───── Input for this task ─────
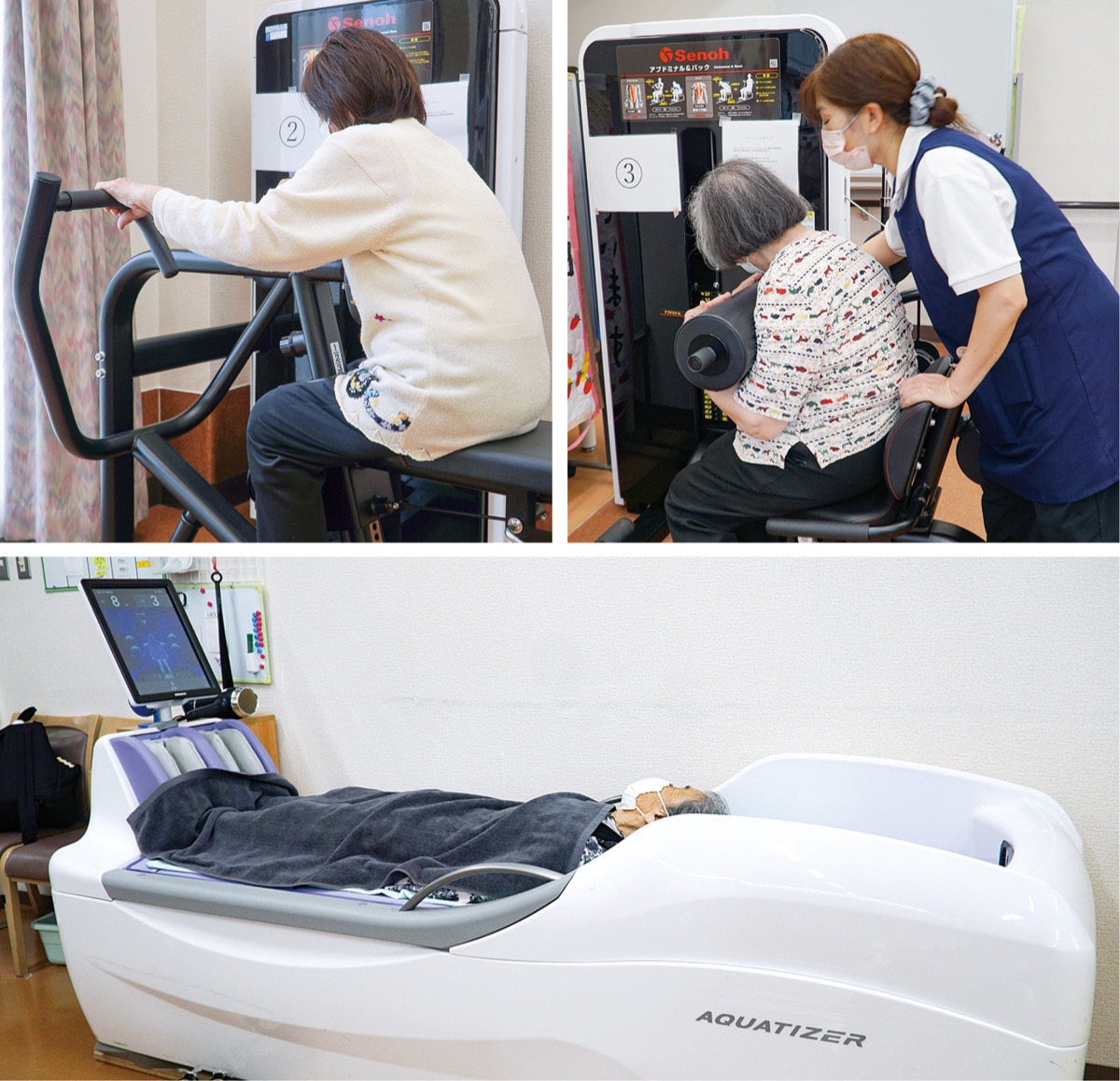 併設するデイサービスは、この3月から最新のリハビリ機器3種と体をほぐすウォーターマッサージベッドやマッサージ器を導入した。
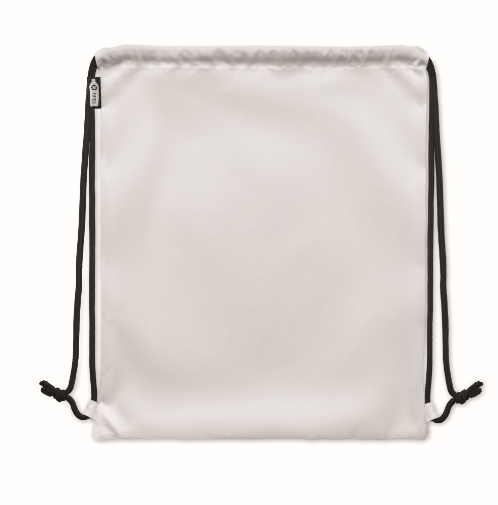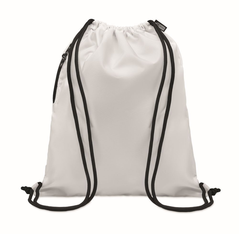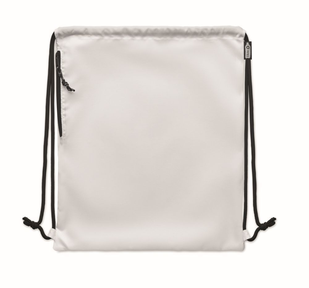 Large drawstring bag in 300D RPET polyester with side zippered outer pocket.
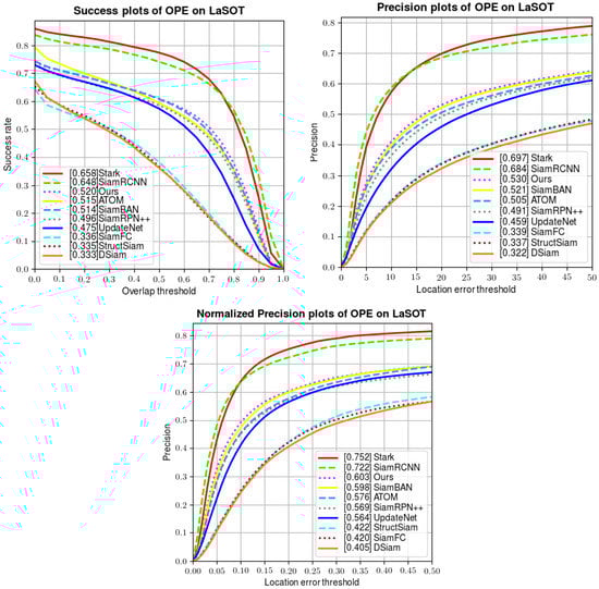 - Fan, H.; Lin, L.; Yang, F. Lasot: A high-quality benchmark for large-scale single object tracking. In Proceedings of the IEEE/CVF Conference on Computer Vision and Pattern Recognition, Long Beach, CA, USA, 15–20 June 2019; pp. 5374–5383. [Google Scholar]
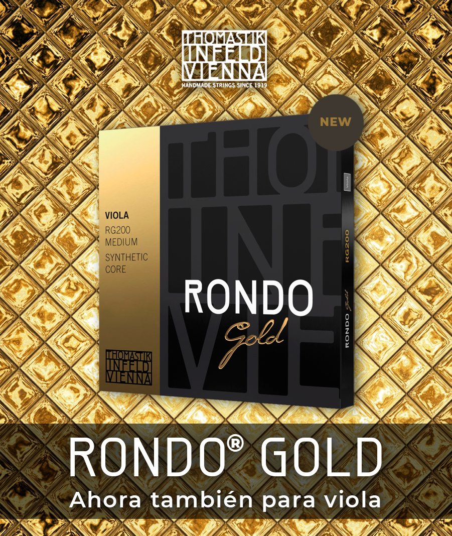 Después del éxito de las cuerdas RONDO® GOLD para violín, Thomastik-Infeld presenta ahora la versión para viola. Estas cuerdas destacan por ofrecer una proyección potente, una respuesta brillante y un equilibrio sonoro con una amplia gama de matices, con un sonido aún más cálido y luminoso en comparación con las cuerdas RONDO® originales.
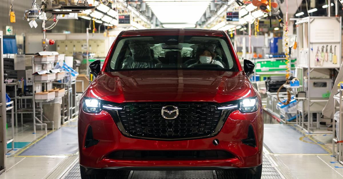 Mazda CX-60 w wersji Homura polakierowana czerwieni Soul Red Crystal na 20-calowych felgach i z czarnym skrzydem pod kratownic grilla to pierwsza seryjna sztuka wyprodukowana w zakadzie nr 2 fabryki … [+4442 chars]
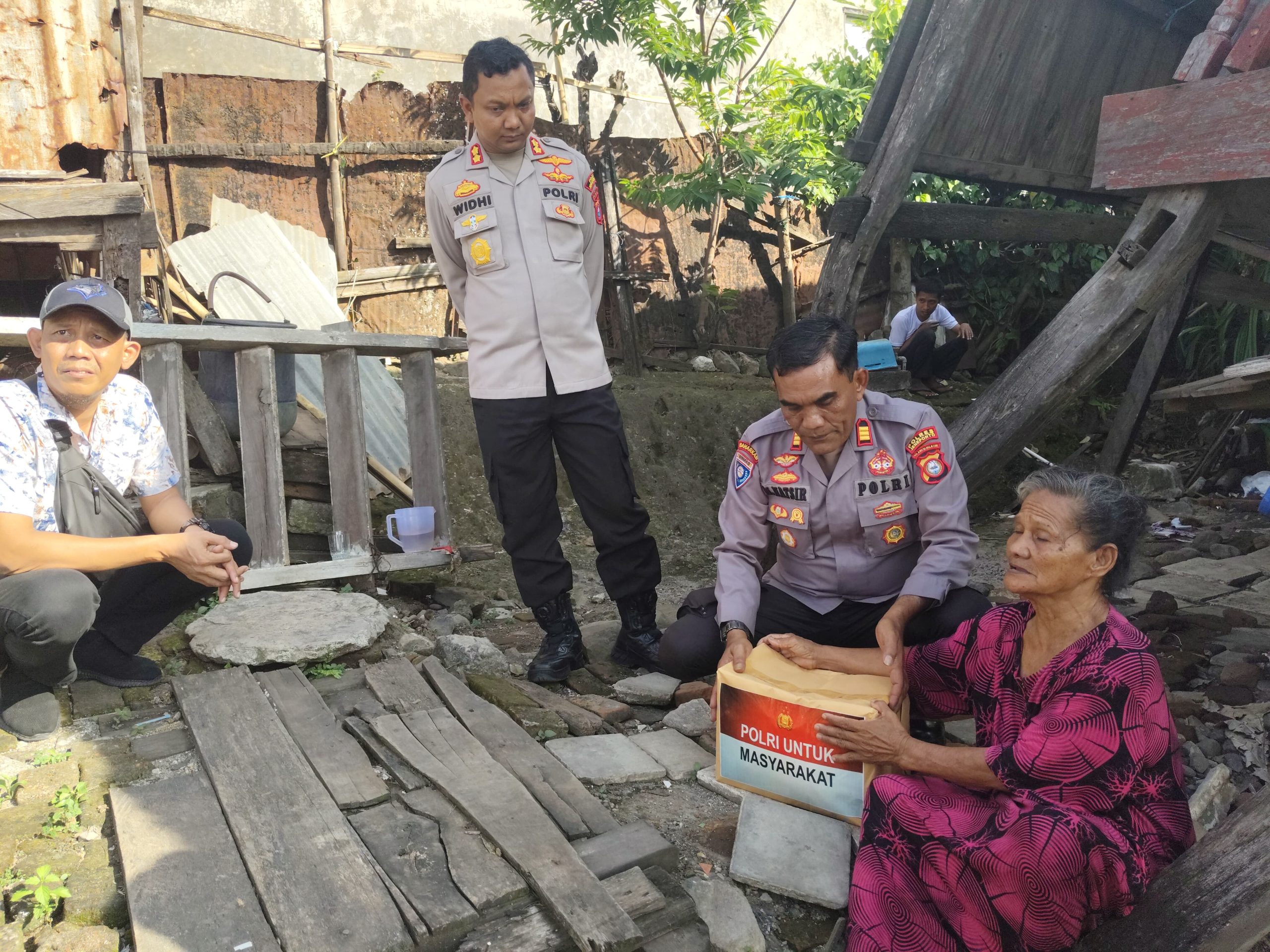 “Kami hadir di sini untuk memberikan dukungan moril dan sedikit bantuan yang semoga bisa meringankan beban ibu Saripa,” ujar Kapolres.
─────
» **Task statement**
If a record holds a picture, leave the picture out, but repeat every line exactly.

» **Response to the exercise**
 併設するデイサービスは、この3月から最新のリハビリ機器3種と体をほぐすウォーターマッサージベッドやマッサージ器を導入した。
 Large drawstring bag in 300D RPET polyester with side zippered outer pocket.
 - Fan, H.; Lin, L.; Yang, F. Lasot: A high-quality benchmark for large-scale single object tracking. In Proceedings of the IEEE/CVF Conference on Computer Vision and Pattern Recognition, Long Beach, CA, USA, 15–20 June 2019; pp. 5374–5383. [Google Scholar]
 Después del éxito de las cuerdas RONDO® GOLD para violín, Thomastik-Infeld presenta ahora la versión para viola. Estas cuerdas destacan por ofrecer una proyección potente, una respuesta brillante y un equilibrio sonoro con una amplia gama de matices, con un sonido aún más cálido y luminoso en comparación con las cuerdas RONDO® originales.
 Mazda CX-60 w wersji Homura polakierowana czerwieni Soul Red Crystal na 20-calowych felgach i z czarnym skrzydem pod kratownic grilla to pierwsza seryjna sztuka wyprodukowana w zakadzie nr 2 fabryki … [+4442 chars]
 “Kami hadir di sini untuk memberikan dukungan moril dan sedikit bantuan yang semoga bisa meringankan beban ibu Saripa,” ujar Kapolres.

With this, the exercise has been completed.